◆ Brief ◆
Write out, from the entries below, exactly the lines that run between the lines holding "De LCI au Parisien" and "品种价差方面,热卷-带钢价差", inclusive, and stop there.

(Data to process)

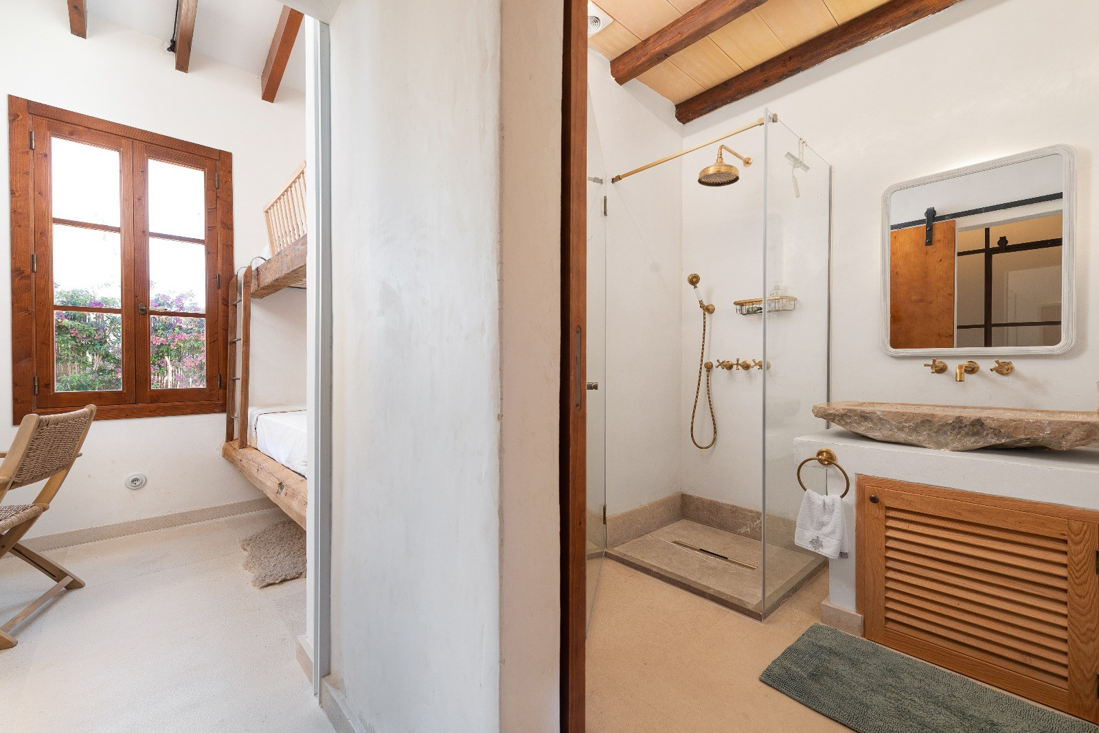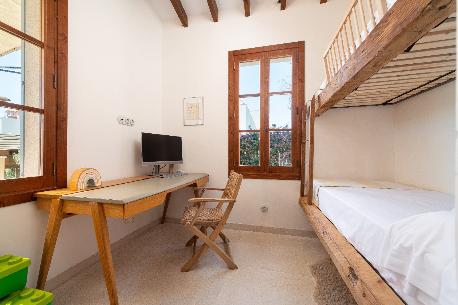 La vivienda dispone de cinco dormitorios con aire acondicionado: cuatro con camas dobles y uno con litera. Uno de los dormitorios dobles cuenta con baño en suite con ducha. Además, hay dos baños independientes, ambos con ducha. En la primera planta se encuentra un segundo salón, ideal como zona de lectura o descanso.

(End Data to process)
(Data to process)

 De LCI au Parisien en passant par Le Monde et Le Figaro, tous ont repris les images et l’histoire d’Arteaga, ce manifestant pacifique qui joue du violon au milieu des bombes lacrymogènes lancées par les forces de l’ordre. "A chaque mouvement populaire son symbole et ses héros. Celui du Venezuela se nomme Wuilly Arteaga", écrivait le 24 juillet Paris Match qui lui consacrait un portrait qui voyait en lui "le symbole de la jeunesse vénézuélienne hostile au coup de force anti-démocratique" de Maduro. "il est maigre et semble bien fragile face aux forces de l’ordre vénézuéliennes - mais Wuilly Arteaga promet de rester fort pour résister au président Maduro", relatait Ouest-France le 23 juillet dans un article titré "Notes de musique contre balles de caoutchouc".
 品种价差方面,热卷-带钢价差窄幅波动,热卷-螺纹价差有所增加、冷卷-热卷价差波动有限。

(End Data to process)

◆ Output ◆
 De LCI au Parisien en passant par Le Monde et Le Figaro, tous ont repris les images et l’histoire d’Arteaga, ce manifestant pacifique qui joue du violon au milieu des bombes lacrymogènes lancées par les forces de l’ordre. "A chaque mouvement populaire son symbole et ses héros. Celui du Venezuela se nomme Wuilly Arteaga", écrivait le 24 juillet Paris Match qui lui consacrait un portrait qui voyait en lui "le symbole de la jeunesse vénézuélienne hostile au coup de force anti-démocratique" de Maduro. "il est maigre et semble bien fragile face aux forces de l’ordre vénézuéliennes - mais Wuilly Arteaga promet de rester fort pour résister au président Maduro", relatait Ouest-France le 23 juillet dans un article titré "Notes de musique contre balles de caoutchouc".
 品种价差方面,热卷-带钢价差窄幅波动,热卷-螺纹价差有所增加、冷卷-热卷价差波动有限。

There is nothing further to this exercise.